There are very few more fulfilling times in student affairs than working directly with students and watching them have that milestone ah ha moment when they no longer need your guidance.  My first professional job in student affairs was as an Assistant Director of Student Activities and serving as the advisor to a campus programming board.  I had an incredible group of students who all embraced learning from each other, planning unique and creative events for the campus community, and who taught me more than I ever taught them…how to know when to let go.

During transition time between officers and through the first few events, they needed the most guidance.  They were unsure, they were still learning how to have conversations with agents, how to develop marketing plans and day of show timelines, how to involve their committee members in the entire process and how to teach them what to do.  As the year progressed, the same amazing thing happened that happened every year, they needed less and less guidance because they were becoming comfortable with their roles, their responsibilities and how to put it all together.  They were becoming the teachers themselves to each other, always supporting each others programs, collaborating to make the events richer for the community, and even planning for who would be their own successors, training those students.

Still, I would pop in with a few tidbits of advice, helping to fill in small details that were forgotten or overlooked, giving guidance through issues as they arose.  It feels good to be needed and respected as someone who helps in their personal development.  This is the core of what student development theory is all about, helping students to grow.

Throughout my four years in this position, I was always looking to build upon each previous year by helping the students to be able to run the program themselves with the returning students becoming pseudo advisors themselves with the newer students.  I distinctly remember the day it happened, the day when I knew I had accomplished everything I could as their advisor and it was time to move on.  We were at our midnight breakfast and I was talking with the Assistant Director of the program board, checking to see if everything was in order for the program to being.  As he was rattling off each item, he stopped and said, “Justin, we’ve got it all covered, go home and don’t worry about it.”  This was the sign that I was no longer needed, and it felt great (it was also the sign I was probably driving them nuts and a way to get me out of their hair, but I’ll focus on the former part for my own conscience).  To this day, I am still good friends with that former student, and he is extremely successful and is kind enough to remind me regularly how he owes so much of it to the lessons we learned together.  Not all of our students share this with us as they move on, but when they do, there is nothing more rewarding.
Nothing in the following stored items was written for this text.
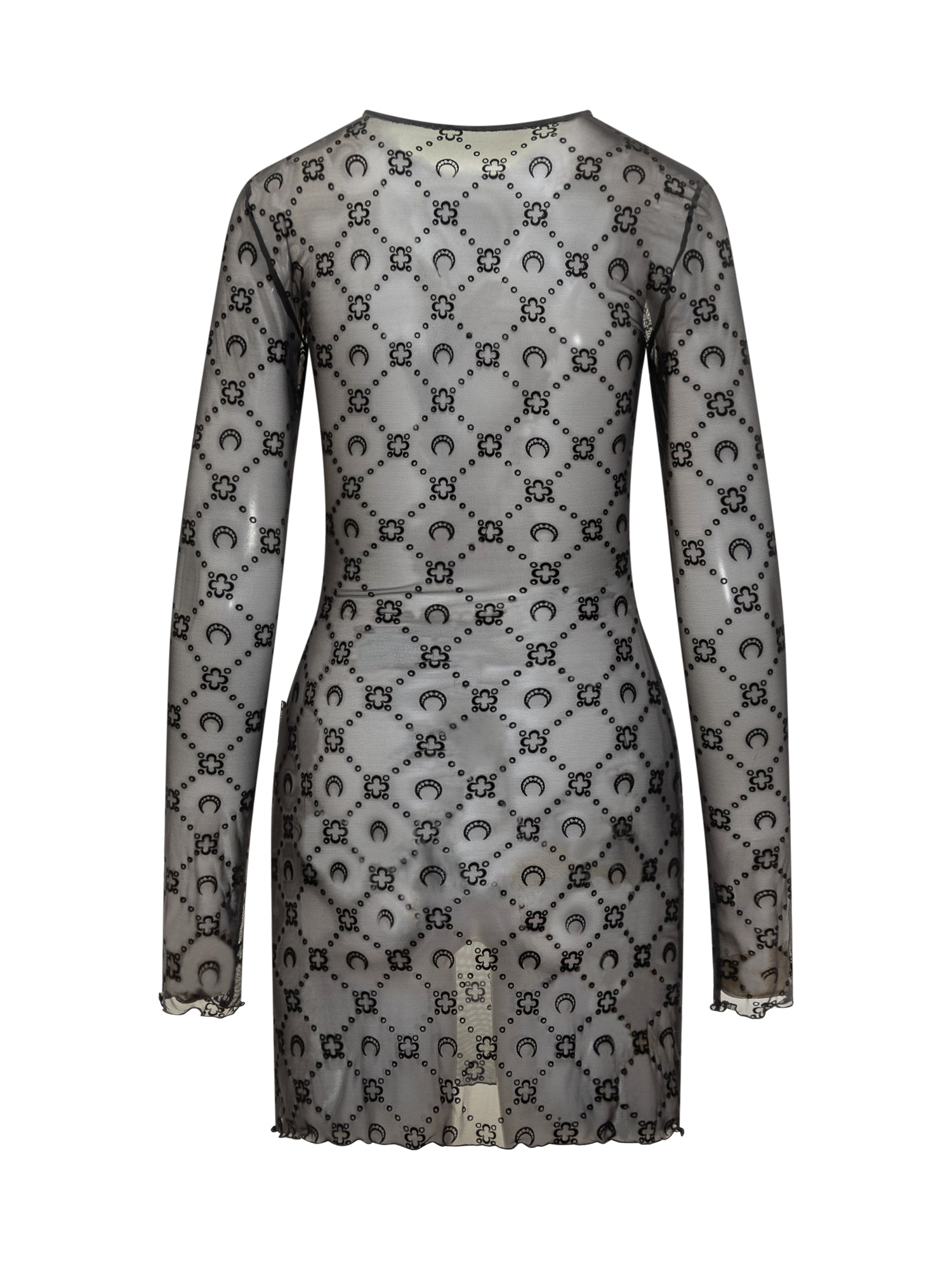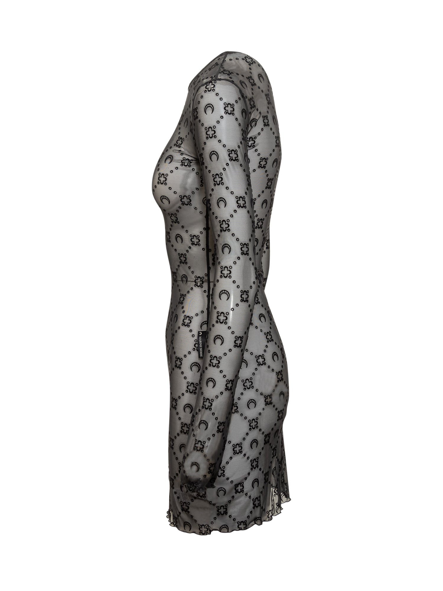 Abito corto Marine Serre in tulle nero semitrasparente con motivo logo all over. Maniche lunghe e linea aderente per un look audace e contemporaneo.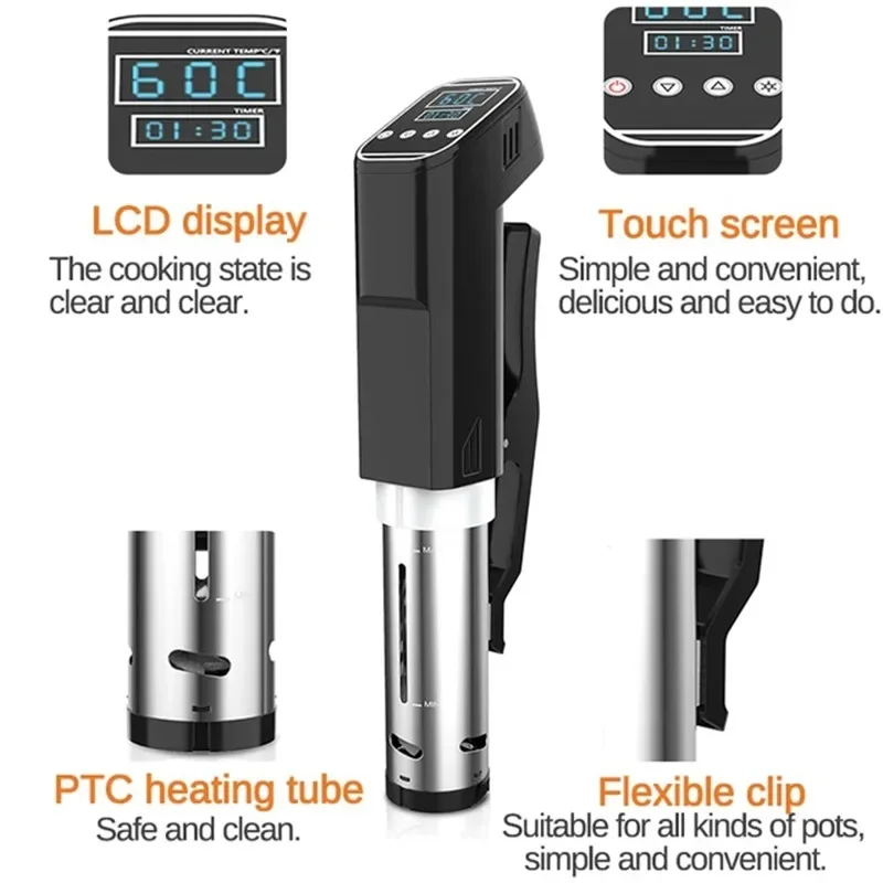 1000W Sous Vide Slow Cooker Machine Sturdy Immersion Heater Circulator LCD Digital Timer Precise Temperature Kitchen Gadgets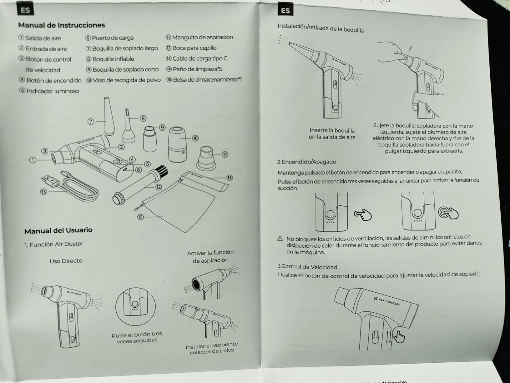 It has a power button that you have to hold down to turn it on and a sliding potentiometer to adjust the blower's power. It comes with various nozzles, filters, cleaning wipes, a manual in Spanish, a USB-C charging cable, and a carrying bag—which is very soft to the touch, by the way.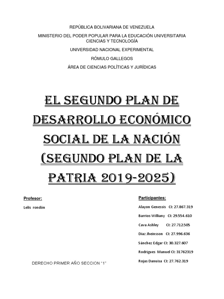 A travs de una Construccin colectiva la Universidad de las Ciencias de la Salud Hugo Chvez Fras pone al alcance de todos y todas los lineamientos para la discusin y el debate en las reas de Salud y Educacin que deben ser incorporados en el Plan de la Patria 2019-2025 los cuales deben orientarse a. El presente informe consiste en una revisin y anlisis resumido del Plan de la Patria 2019-2025 con exclusiva atencin a los lineamientos contenidos en dicho Plan para las universidades. Los cincos objetivos histricos es el segundo plan socialista que nos permitir avanzar y reimpulsar la ruta de la transicin al Socialismo Bolivariano del siglo XXI los cuales vamos a desarrollar ms adelante.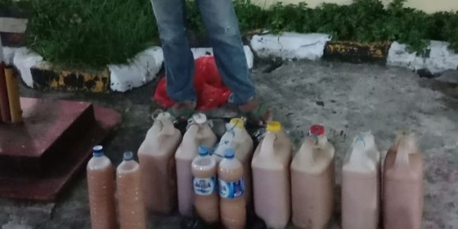 Kanit Reskrim Iptu H. Rahman mengatakan, Ballo dikumpulkan di daerah Galesong Utara Kab. Takalar dengan seharga Rp. 35.000 per lima liter kemudian dibawah ke Makassar.
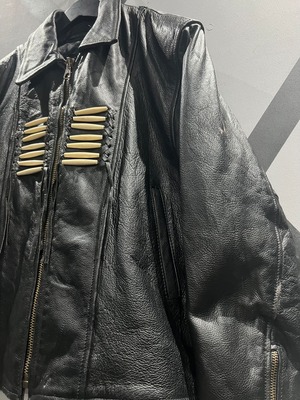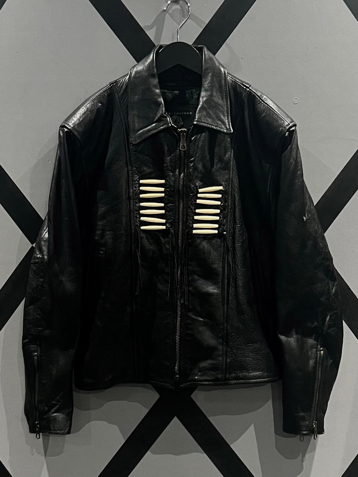 ハリのある上質なブラックレザーを使用したボディに、前背面にボーンビーズを模したビーズの装飾とレースアップのデザインが施されたレザージャケット。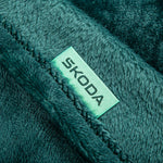 Can be used as a pillow or blanket. Hem in electric green colour with label and logo Škoda.

Advising is not easy, but the first ingredient is a simply and devotional care for our students.  That desire to help see them succeed on their own is our gift to them in their education.  We may not teach in the classroom, but we are absolutely educators.

ACUI’s Student Learning core competency includes the skill set of Advising.  The knowledge, skills, and abilities required for this competency include:

  • Understanding of individual and group counseling theories, techniques, and processes

  • Ability to develop effective advising relationships with students and staff

  • Ability to adapt advising techniques and styles to meet the needs of an individual or group

  • Ability to identify resources and materials to remain current in literature related to the profession

  • Ability to identify individual or group needs beyond the scope of one’s ability and identify additional or outside resources

The one common bond that we all share working in student affairs is our desire to work with students in one form or another.  Many of us had been fortunate enough to learn just as much, if not more, from our students than we have taught them.

What have your students taught you that you will forever cherish?